A noun is the name of a person, place or thing. Examples are: boy, girl, tree, apple, computer, India, mother, father, Raju, river, breeze, heat, country etc.
A noun can be the subject or object of a verb.
Some nouns have plural forms. These are called countable nouns. Example are: apple, boy, book, car, flower, country, student etc.
Most singular nouns form their plurals by adding –s to the singular.
- Apple –> apples
- Boy –> boys
- Girl –> girls
- Book –> books
- Flower –> flowers
- Student –> students
Some singular nouns form their plurals by adding –es to the singular.
- Fox –> foxes
- Box –> boxes
- Mango –> mangoes
- Tomato –> tomatoes
Some nouns form their plurals irregularly.
- Man –> men
- Woman –> women
- Child –> children
- Foot –> feet
- Tooth –> teeth
We can use numbers and the definite articles a/an with countable nouns. We can, for example, say an apple or two apples. A singular countable noun always has an article or another determiner with it. We say a book, my book, the book, this book or that book, but not just book.
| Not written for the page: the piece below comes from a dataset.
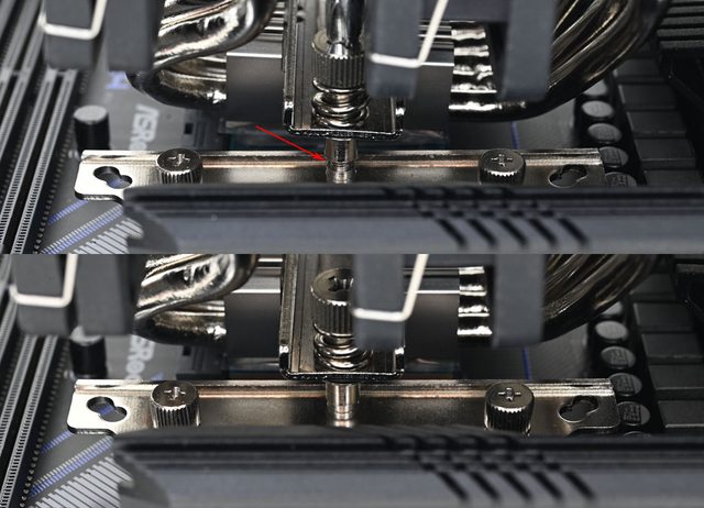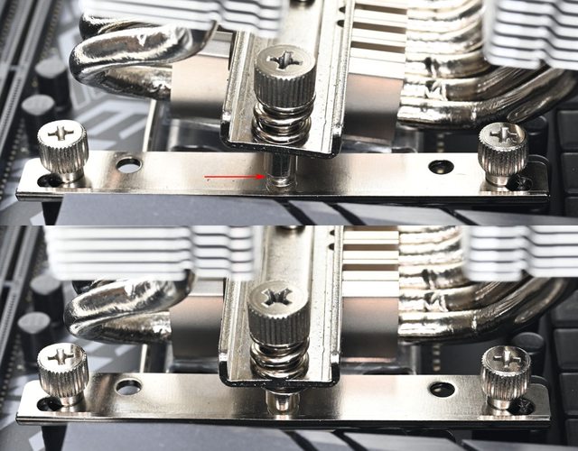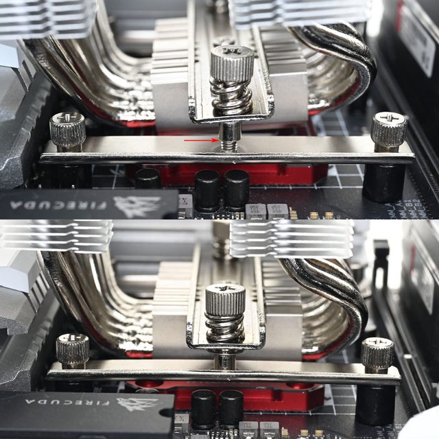 ▼壓板中間用1個螺絲固定在散熱器底座頂部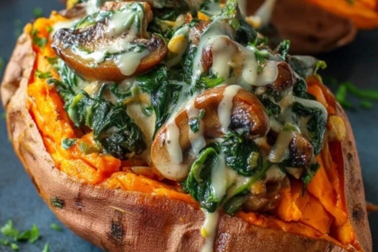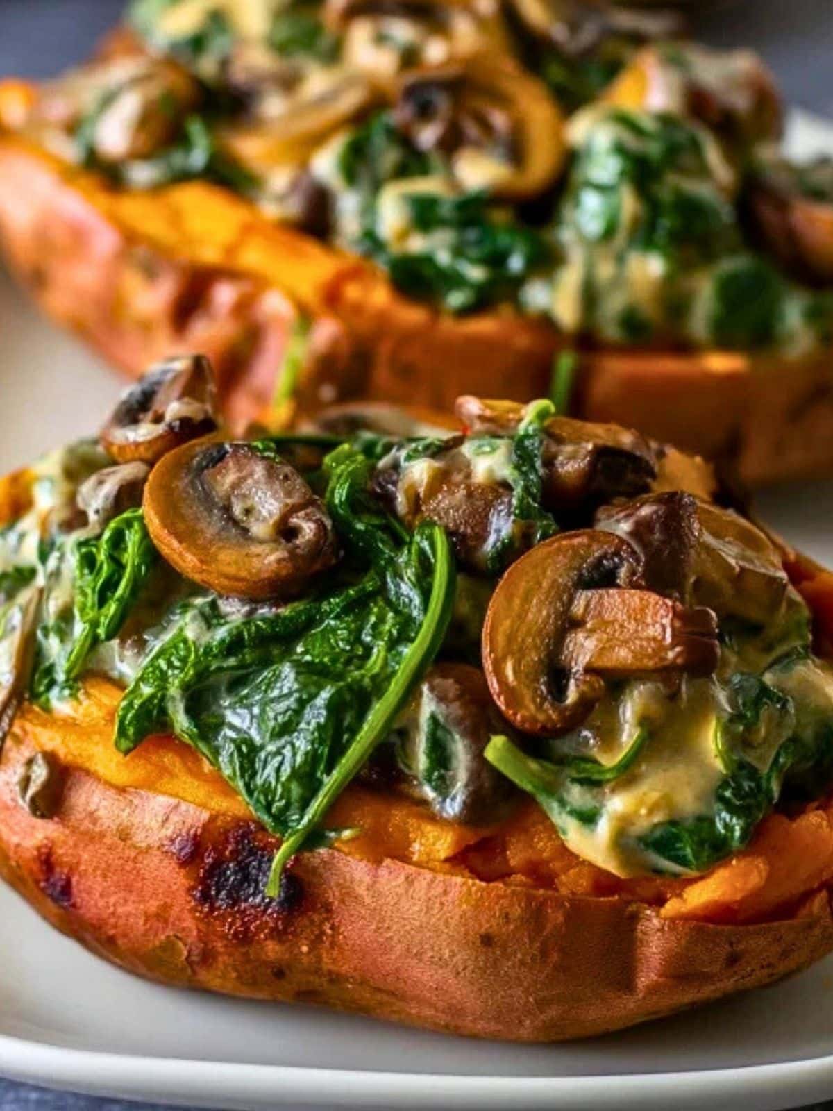 Creamy Mushroom and Spinach Stuffed Sweet Potatoes

Some nouns do not have plural forms. In grammars, these nouns are uncountable nouns. Uncountable nouns are the names of materials, liquids, abstract ideas, collections and other things which we do not see as separate object. Examples are: water, oil, petrol, air, gas, weather, wool, rice, milk, sand etc.
We cannot use numbers or the article a/an with uncountable nouns. We say weather, not a weather or two weathers.
Most uncountable nouns are followed by singular verbs. However, there are some exceptions to this rule. Some nouns which are uncountable in English have plural countable forms in many languages.